Reference-Based Testing: The Key to Accuracy
RTM relies on reference-based video quality testing — specifically full-reference testing — whereby the quality of the output is measured against the source content. With this method, the equipment performing the test receives two copies of the content: a source (or reference) version, and a version that has been processed through some type of network or equipment. Full-reference testing is the most accurate way to arrive at an idea of human-perceived video quality because there is a frame-by-frame comparison between the original and the processed content, with standards-based, repeatable calculations being made between the two. This powerful technique allows measurements to be made in-service, so that normal video delivery can continue uninterrupted while tests are underway.
The Big Benefit: Objective Numbers to Back Up the Eyeball Test
A full-reference solution eliminates the need to rely on visual comparison alone when making quality decisions. While the QC and measurement process will always require experienced engineers to “eyeball” the content, full-reference testing gives them an objective, highly accurate, numbers-based method and scoring system for quality that correlates to the subjective score they would assign during visual evaluation. Having a highly accurate quality-measurement method to match their perceptions is critical, especially given today’s complex and dynamic content delivery environment. This reliable scoring system can be used throughout the delivery chain and applied consistently to all types of content no matter what the delivery method.

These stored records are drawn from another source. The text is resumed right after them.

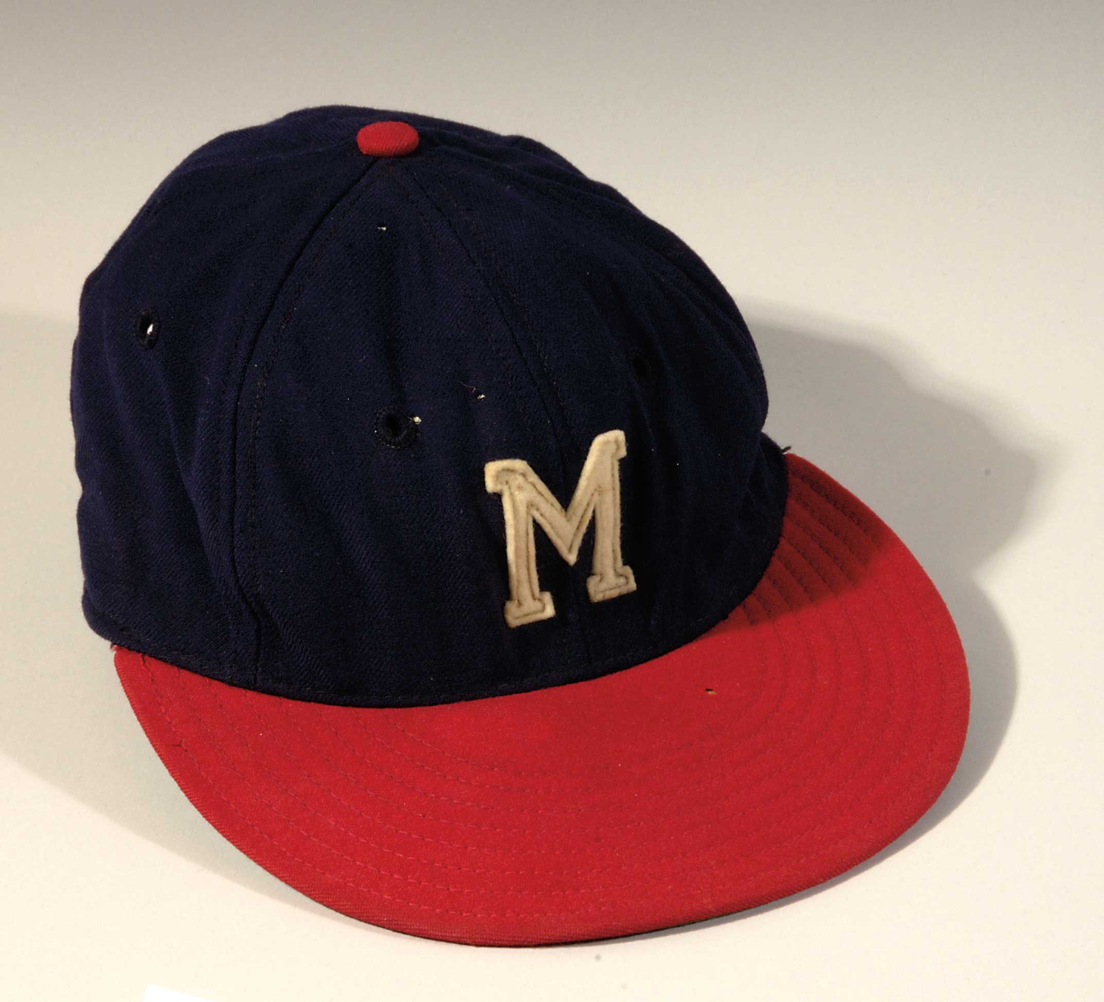 Description:Warren Spahn Milwaukee Braves professional model hat c.1954-56 Early style variant having applied felt "M" on front with navy blue top and red bill. Interior leather band retains its original Horace Partridge Co. label which was the previous manufacturer of the Braves equipment when playing in Boston. Evident use throughout most visibly to the interior leather band. Accompanied by a replica image of Spahn wearing a similar hat with son Greg. Includes LOA from Hunt Auctions: EX
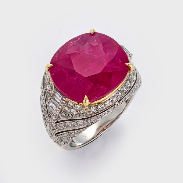 Weißgold, gest. 750. Zentral besetzt mit einem taubenblutroten Rubin von ca. 22,16 ct., ausgefasst mit Diamanten von zus. ca. 3,00 ct.; Gew. ca. 18,24 g.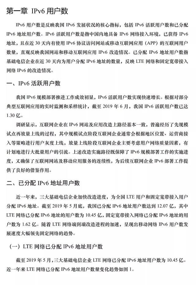 截至2019年6月,我国ipv6活跃用户数已达1.30亿,基础电信企业已分配ipv6地址的用户数达12.07亿。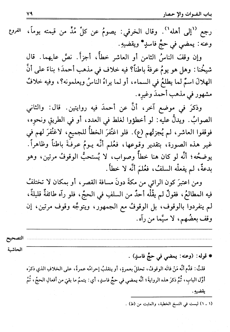 وَذَكَرَ فِي مَوْضِعٍ آخَرَ أَنَّ عَنْ أَحْمَدَ فِيهِ رِوَايَتَيْنِ, قَالَ: وَالثَّانِي الصَّوَابُ. وَيَدُلُّ عليه لو أخطئوا: الغلط. فِي الْعَدَدِ أَوْ فِي الطَّرِيقِ وَنَحْوِهِ فَوَقَفُوا الْعَاشِرَ لَمْ يُجْزِئْهُمْ "ع" فَلَوْ اُغْتُفِرَ الْخَطَأُ لِلْجَمِيعِ لَاغْتُفِرَ لَهُمْ فِي غَيْرِ هَذِهِ الصُّورَةِ بِتَقْدِيرِ وُقُوعِهَا, فَعُلِمَ أَنَّهُ يَوْمَ عَرَفَةَ بَاطِنًا وَظَاهِرًا, يُوَضِّحُهُ أَنَّهُ لَوْ كَانَ هُنَا خَطَأٌ وَصَوَابٌ لَا يُسْتَحَبُّ الْوُقُوفُ مَرَّتَيْنِ, وَهُوَ بِدْعَةٌ, لَمْ يَفْعَلْهُ السَّلَفُ, فَعُلِمَ أَنَّهُ لَا خَطَأَ,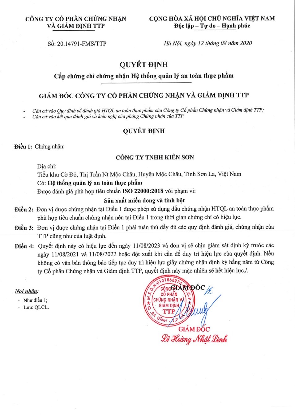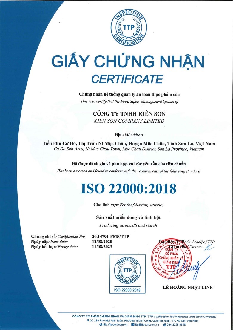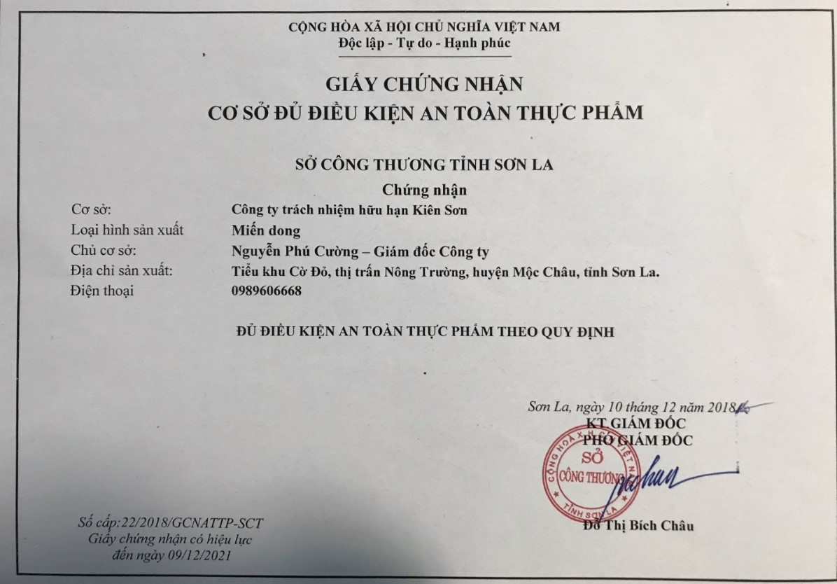 Sản phẩm miến dong Mộc Châu đã được kiểm định, đánh giá chất lượng và được Cục Sở hữu trí tuệ chứng nhận thương hiệu, được UBND công nhận là sản phẩm công nghiệp nông thôn tiêu biểu. Sản phẩm được bán nhiều nơi trong và ngoài tỉnh. Đặc biệt, được Trung tâm Khuyến công tỉnh tiếp tục hỗ trợ quảng bá thương hiệu sản phẩm, đưa miến dong Kiên Sơn trưng bày giới thiệu tại các hội chợ và chương trình xúc tiến thương mại của tỉnh, giúp kết nối và đưa hình ảnh Công ty đến gần hơn với khách hàng. Với những nổ lực đáng ghi nhận đó, sản phẩm miến dong Mộc Châu đã mang lại sự hài lòng, tin cậy ở từng khách hàng. Miến dong Mộc Châu của cơ sở Kiêm Sơn hân hạnh đem đến cho quý khách sản phẩm an toàn và chất lượng nhất!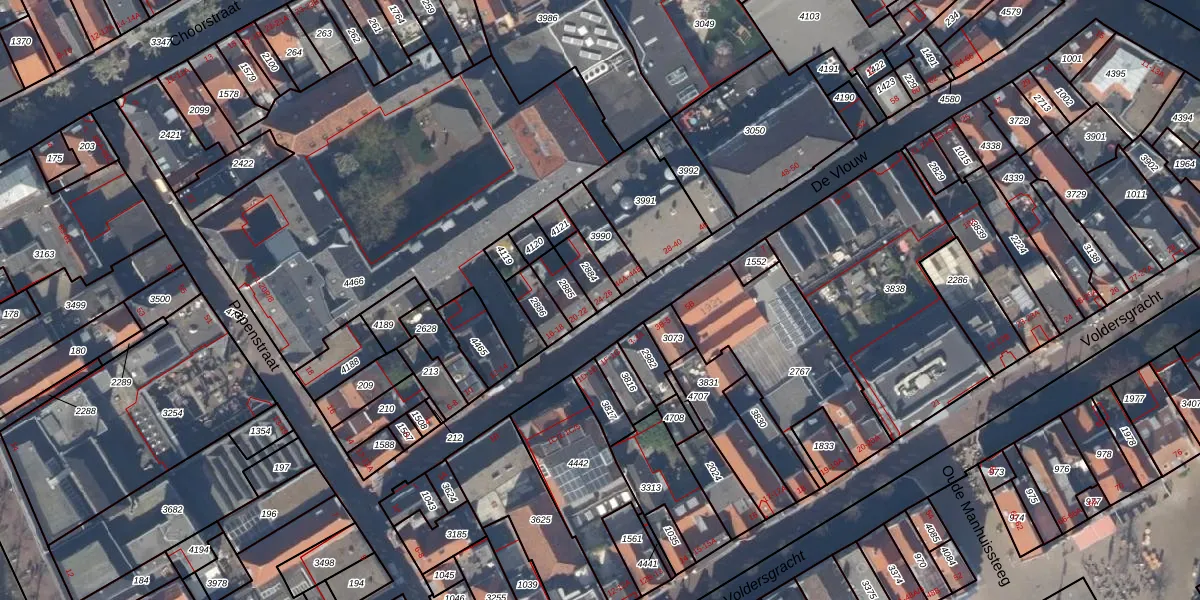 Het perceel waarop De Vlouw 24 staat heeft een oppervlakte van 66 m². Dit is een klein perceel. De perceeloppervlakte wordt geregistreerd door het Kadaster. Gedetailleerde informatie over de maten van dit perceel kunt u vinden in het rapport Kadastrale kaart met maatvoering van De Vlouw 24.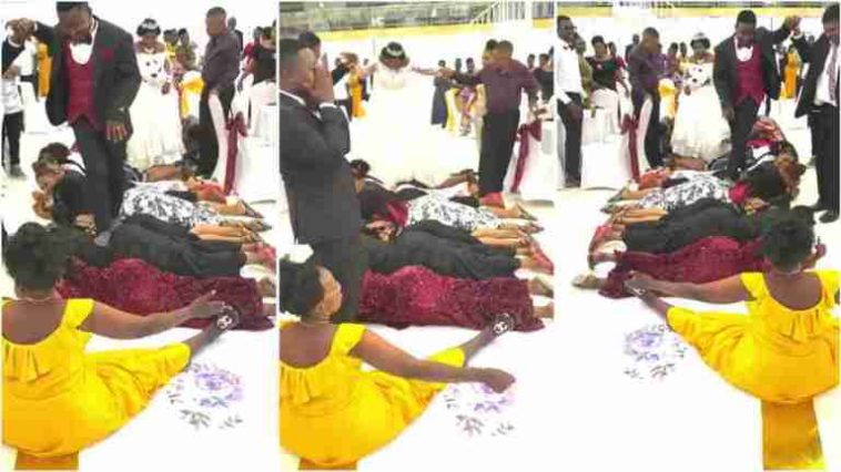 Muri iyo videwo, itsinda ry’abagore bagaragara baryamye hasi bubitse inda maze abageni babanyuraho babakandagira ku migongo nk’abaragenda kuri tapi y’umutuku.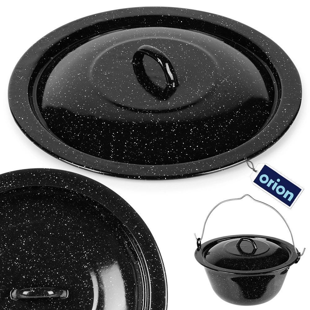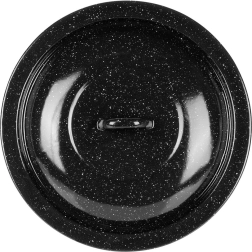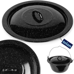 Universalus emaliuotas dangtis, 34 cm skersmens, skirtas vengriškiems 7,5 l katilams. Pagamintas iš patvaraus plieno su juoda emaliuota danga, kuri yra nekenksminga sveikatai ir tinkama alergiškiems. Dėl tvirto laikiklio ir atsparumo įbrėžimams bei korozijai sulaiko šilumą ir drėgmę, gerina gaminimo rezultatus gamtoje ir sode.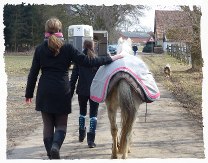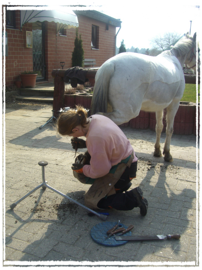 01.03.13: Unseren Freitags-Unterricht hat meine Schwester ja nun gekündigt um auch Freitags wieder auszureiten. Heute hatten wir jedoch anderes vor. Hässi & Hoppi hatten zunächst Ihren Huftermin und Abends hatten wir Karten für das Bremer Pferdefestival in unserer Stadthalle. Da bereits ab 17:45 Uhr Einlass war, nahmen wir bereits den Huftermin um 15 Uhr. Sowohl meine Schwester als auch ich mussten uns sehr beeilen, dass zu schaffen. Pünktlich waren wir am Stall. Zuerst war Hoppi dran und danach Hässi. Ihre Hufe und auchder Strahl waren super, trotz Matschpaddock ud wieder mehr Geländereiten. Da Ponyfreundin C. krank war holten wir auch Ihr Pony Honeymoon zum Huftermin. Er ist eher etwas ängstlich war aber auch brav. Hässi & Hoppi hatten dann Pause und wir fuhren nach Hause und dann zur Stadthalle. Es war zunächst ein Springturnier Klasse S mit Stechen und danach der Schow-Wettkampf der Vereine. Reitvereine aus Norddeutschland führen dann mit Ihren Mitgliedern, Schul- und Privatpferden große Schowbilder/ Pferdequadrillen auf. Diesmal waren es weniger Vereine als sonst und es gab auch weniger neue Ideen. Toll war es trotzdem.
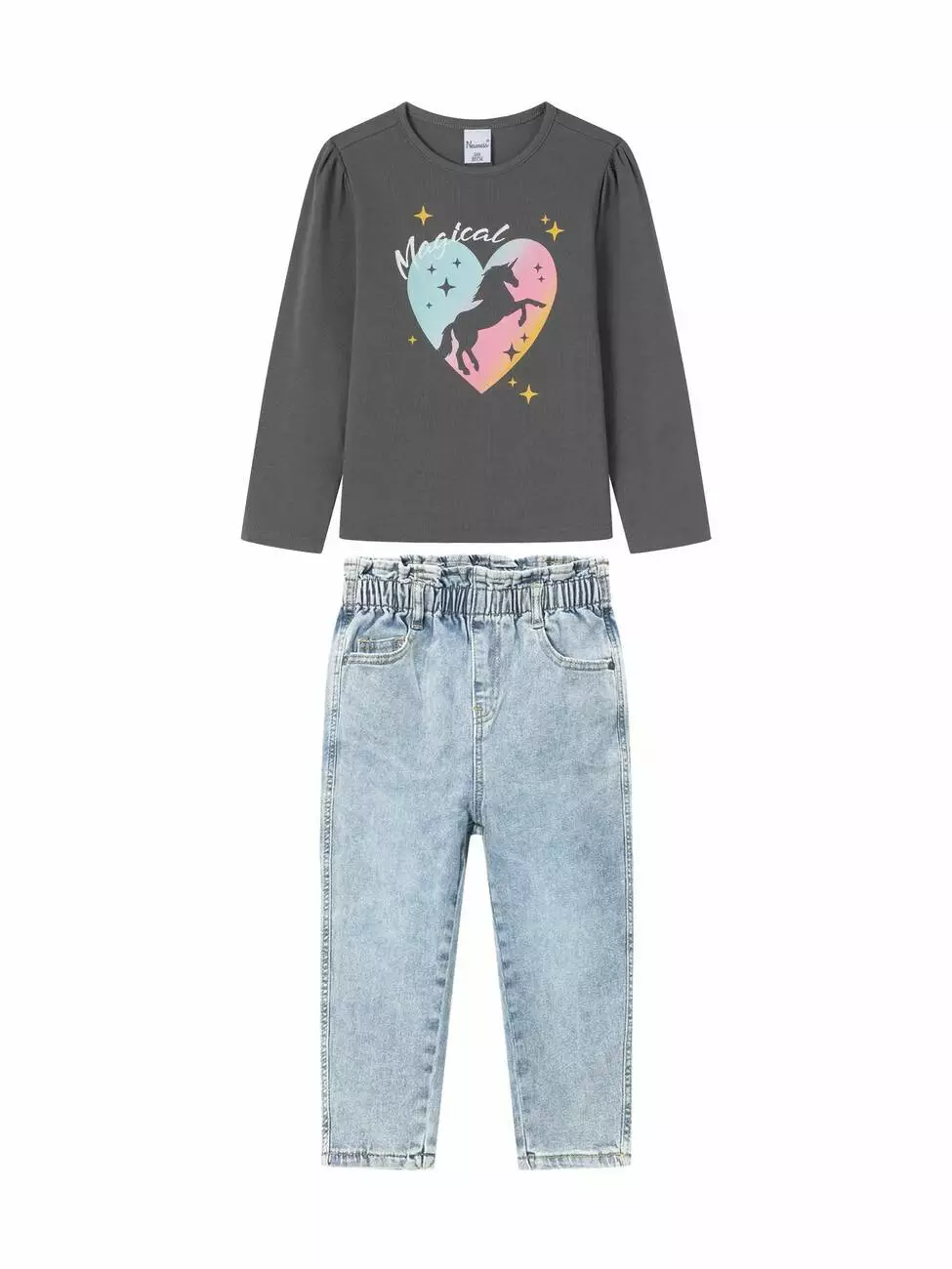 Лонгслів темно-сірого кольору. Довгий рукав. Круглий виріз. Прямий крій. На грудях крутий принт - єдиноріг у серці. У складі тканини присутній невеликий відсоток синтетики - це дозволяє зберегти ідеальний зовнішній вигляд виробу після безлічі прань. Джинси блакитного кольору. Штанини прямі, вільного крою. Ззаду дві накладні кишені, спереду дві кишені з віддільним бочком. Висока талія, на широкій резинці. Є петлі для ременя.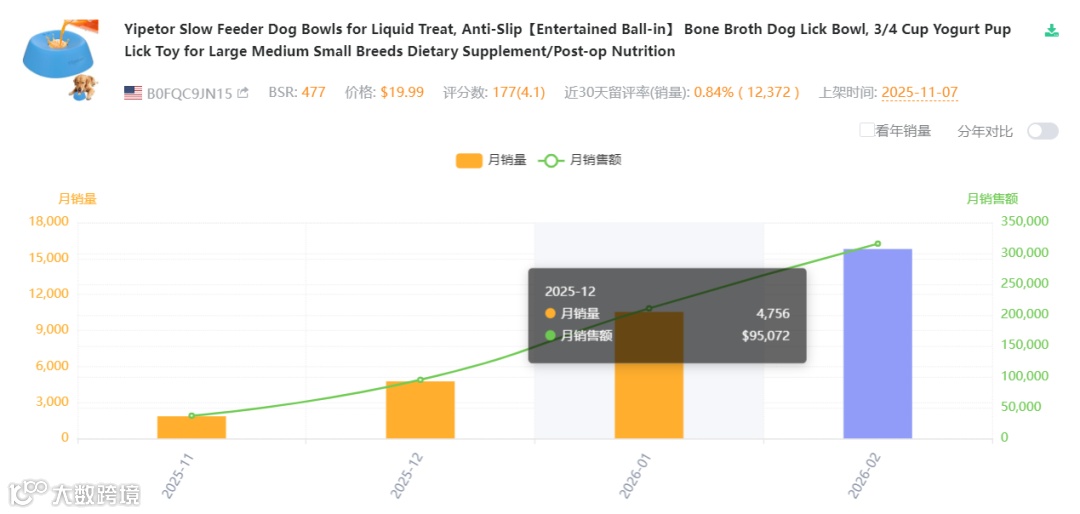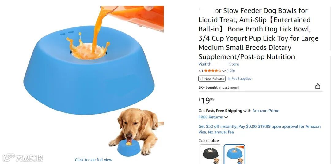 以亚马逊美国站为例,下图所示产品为一种“宠物流食碗”,review:100+,客单价19.99美金,日销量400+,月销售额24w+美元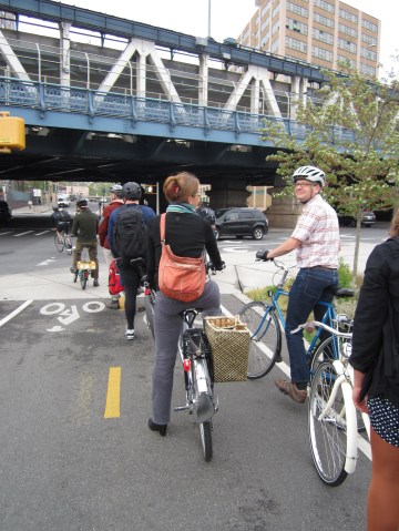 I’ve been following the efforts of Kim Burgas, Kimberly Kinchen, and Rod Huntress as they get the NYC Biketrain movement off the ground. I’ve even joined in on one of the Brooklyn rides. It’s a fun way to get to work and a safe introduction to bike commuting for anyone who might be a tad too nervous to try it alone. Plus, unlike a regular train ride, it’s all but impossible to sit next to someone clipping his fingernails.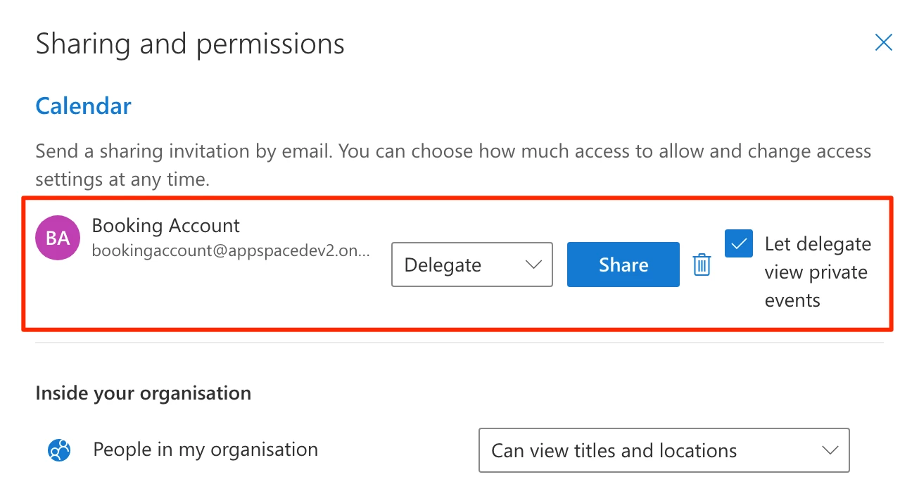 - Enter in the email of the booking account in the Send a sharing invitation in email to share the calendar. Select Delegate from the drop-down list, and check the Let delegate view private events checkbox.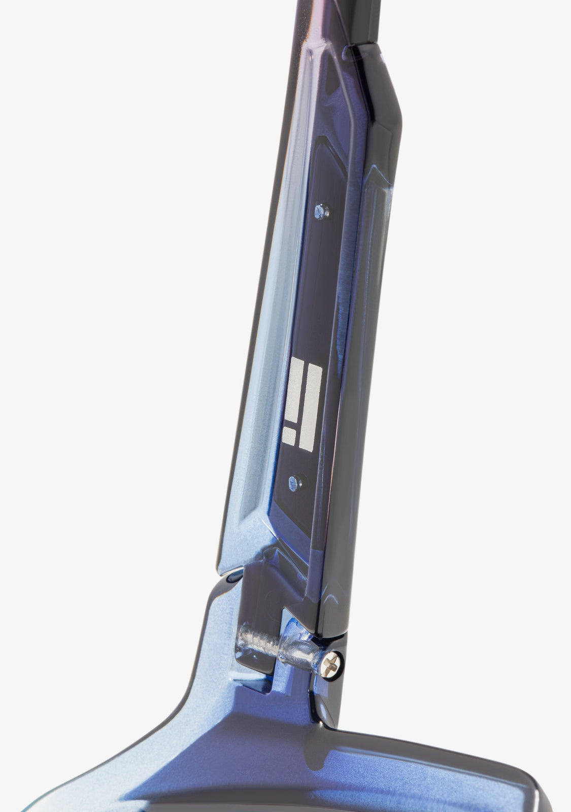 The Wind model features a purple finish and an aerodynamic frame designed for stability and flow. It includes a 144 mm front and 138 mm lenses, exclusively engineered to optimize wind resistance. The 130 mm arms display our emblem on both sides, while the silicone pads on the tips and nose bridge ensure a secure and comfortable fit.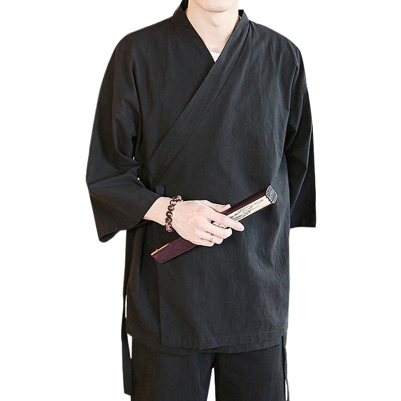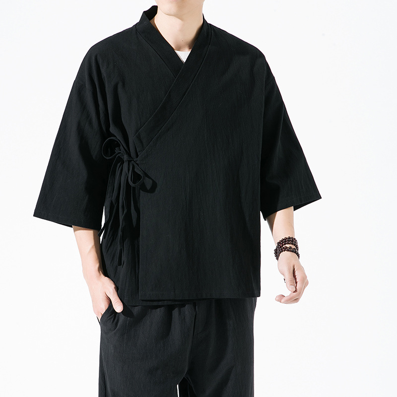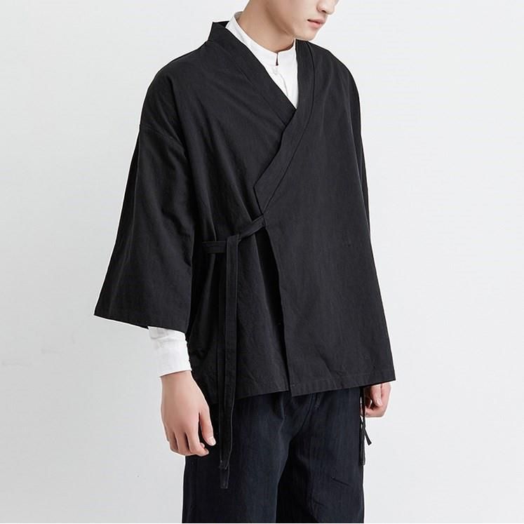 Haori de lino en negro, cruzado al frente con lazo lateral para ajustar a tu forma. Minimalista, cómodo y con caída limpia: queda perfecto para un look urbano sobrio o un outfit más elegante sin esfuerzo. Se puede usar cerrado tipo wrap o abierto como capa liviana.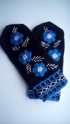 Варежки ручной работы, выполнены спицами, бесшовные. Вся фурнитура выполнена крючком и пришита к основному полотну изделия с использованием фурнитуры.Пряжа мягкая, теплая, не колючая. Данные варежки черные из мериносовой пряжи, могут быть выполнены в другой цветовой гамме и из другого материала на заказ. Модель авторская, копирование и использование фото запрещено. Доставка по России 260 руб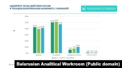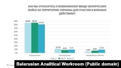 — Ключавым сярод «ваенных» індыкатараў зьяўляюцца адказы на пытаньне «Як вы ставіцеся да магчымага ўводу беларускіх войскаў на тэрыторыю Ўкраіны для ўдзелу ў ваенных дзеяньнях?». І ў адказах на гэтае пытаньне двух інфармацыйных коканаў няма. Тут ёсьць дакладная кансалідацыя — больш за 80% даюць адмоўны адказ.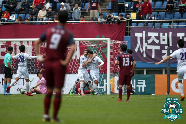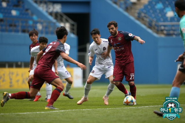 답답하던 0의 흐름은 안양에 의해 깨졌다. 25분께 대전 수비수 이지솔이 자기진영 박스 안으로 공이 흘러가는 가운데, 안양 공격수 조규성을 몸으로 저지하려고 했지만 어이없게 놓쳤다. 조규성은 욕심내지 않고 달려들어오는 미콜라에게 낮은 패스를 연결하며 득점을 이끌었다. 이지솔의 실책성 플레이가 뼈아팠던 장면. 대전은 전반 막바지 박인혁과 키쭈의 연이은 슈팅으로 동점골을 노렸지만, 무위에 그쳤다.

Broadcast, Cable and/or IPTV Head End Operational Diagram
Reference-Based Testing During Broadcast
As video is being transmitted, operators can deploy reference-based testing at any point or points along the transmission path to compare two video streams. Monitoring throughout a distribution network can give operators a deeper understanding of the effect of errors at each stage along the overall path. RTM notes any differences in the streams and calculates a score. The system provides alerts whenever an error causes visual, audio, and ancillary data glitches; reports if lip-sync problems occur; and saves the exact error frames surrounding the event for immediate or later analysis.
Reference-Based Testing in the Lab
Real-time monitoring and measurement is not just for testing during playout. With the relentless march toward IP delivery and the rapidly expanding range of Internet delivery requirements, methods, and devices, operators have to ensure the quality of the viewing experience well beyond the TV set. Shrewd content distributors are using real-time reference-based testing in their labs to test processing equipment and sample network paths thoroughly for quality of adaptive-bit-rate audio and video streams, with the aim of perfecting their Internet program delivery.
Whether it’s used for broadcast quality-monitoring and error-recording, automatic analysis of IP streams, or product and process testing, real-time, reference-based quality testing with RTM will cut costs, reduce customer churn, and provide a visually appealing product for viewers. As more and more revenue comes from adaptive-bit-rate OTT content, the ability to measure video quality in a highly accurate way is critically important to ensuring that viewers get the best experience, advertisers are satisfied, and regulations are met.